Python is a powerful computer programming language. It can also be seen as an object-oriented general language. It has outstanding features and greatly facilitates the application of developers. Here, let's take a look at the Python city and county web crawler methods.
Today, I saw a webpage, and it was very troublesome to read it online because I used a telephone line to access the internet at home. So I wrote a simple program to capture the web page and read it offline, saving the cost of telephone. :) this program has only one layer of structure because the pages linked to the home page are in the same directory.

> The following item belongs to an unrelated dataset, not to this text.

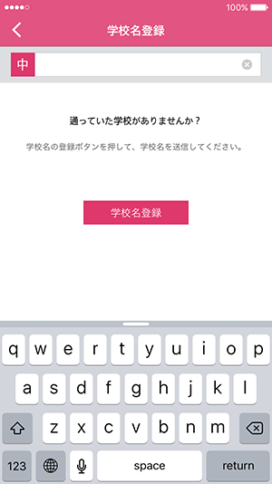 学校検索画面で出身校が検索されない場合には、下の絵のように管理者に‘学校追加’を申請してください。

Therefore, some hard-coded links are written for analysis.
The Python web crawler code is as follows:
- #! /Usr/bin/env python
- #-*-Coding: GBK -*-
- Import urllib
- From sgmllib import SGMLParser
- Class URLLister (SGMLParser ):
- Def reset (self ):
- SGMLParser. reset (self)
- Self. urls = []
- Def start_a (self, attrs ):
- Href = [v for k, v in attrs if k = 'href ']
- If href:
- Self. urls. extend (href)
- Url = r 'HTTP: // www.sinc.sunysb.edu/Clubs/buddhism/JinGangJingShuoShenMo /'
- Sock = urllib. urlopen (url)
- HtmlSource = sock. read ()
- Sock. close ()
- # Print htmlSource
- F = file('jingangjing.html ', 'w ')
- F. write (htmlSource)
- F. close ()
- Mypath = r 'HTTP: // www.sinc.sunysb.edu/Clubs/buddhism/JinGangJingShuoShenMo /'
- Parser = URLLister ()
- Parser. feed (htmlSource)
- For url in parser. urls:
- Myurl = mypath + url
- Print "get:" + myurl
- Sock2 = urllib. urlopen (myurl)
- Html2 = sock2.read ()
- Sock2.close ()
- # Save to file
- Print "save as:" + url
- F2 = file (url, 'w ')
- F2.write (html2)
- F2.close ()
The above describes how to implement web crawler in Python.